Despite these protests, the railway double-tracking project has already begun. Working clandestinely at night amidst heavy security cover, the state has chosen to cock a snook at its people. The same rhetoric that has played elsewhere is playing out in Goa – confuse the people with half-truths & untruths, run roughshod over established norms and processes, decimate the autonomy of institutions, brand the dissenters as anti-state, anti-development and help a few crony companies profit at the expense of the people. The midnight protest on November 1 until 5 AM the following day in Chandor, Goa – the seat of the double-tracking rail project – may well be a turning point. This brought together several thousands of ordinary citizens in an all-night vigil on the railway track that ferries coal through the state. The message was clear – Goa’s people WILL NOT allow Goa to become a Coal Hub. Are the state ministers listening? Is the centre listening?

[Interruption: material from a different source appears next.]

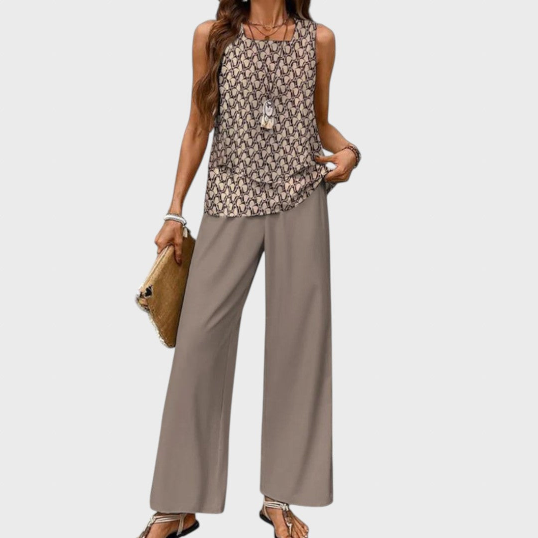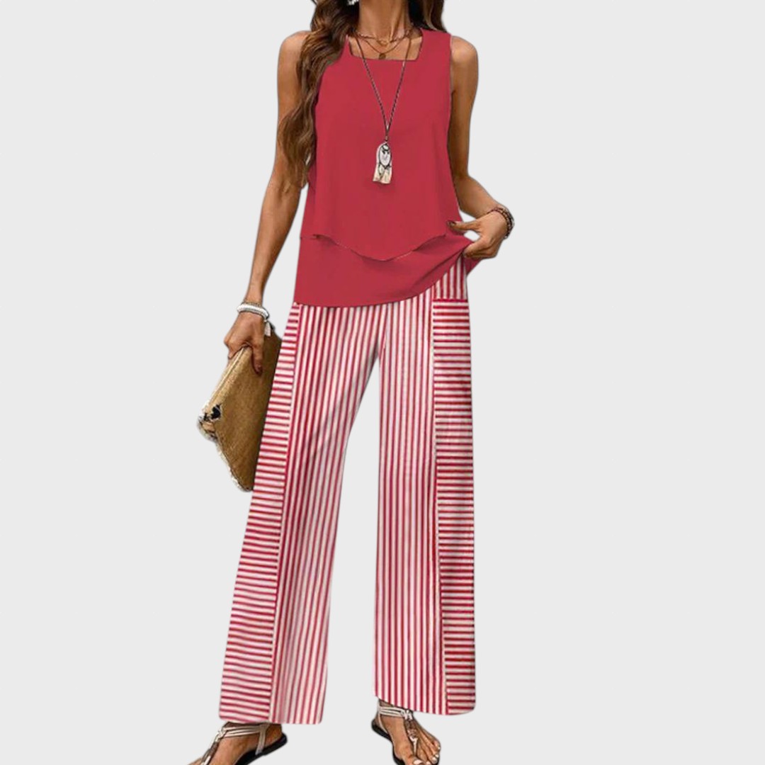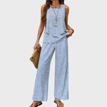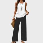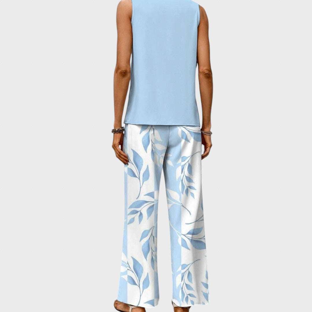 Белина е създаденa за жени, които обичат елегантността без усилие. Този двукомпонентен летен комплект включва ефирен наслоен топ и широк панталон с висока талия – съчетание от комфорт, стил и женственост. Идеален за слънчеви дни, пътувания или непринудени срещи с приятели.

Peaceful dissent cannot be de-legitimised. Nor can it be overlooked. An injustice anywhere is an injustice everywhere. What is happening in a corner of Goa may eventually engulf all of Goa. Indeed, the whole country is seeing a cruel, capricious, anti-people decision making in every aspect of governance – an unprincipled demonetisation, a poorly implemented GST, the incarceration of an entire state and its people, a hurried, unplanned lockdown, an uncoordinated pandemic response, arrogant handling of the migrant labour crisis, an insufficient economic revival package – undermining all the socio-economic gains of the previous decade and possibly slipping tens of millions back into poverty.
Goa has a vibrant culture, natural heritage and a viable economy. Its ecology is its unique selling proposition. Attacking it relentlessly and ruthlessly with illogical projects that reflect 19th-century thinking, could endanger its very existence. The whole country must come together and stand with the people of Goa. In solidarity.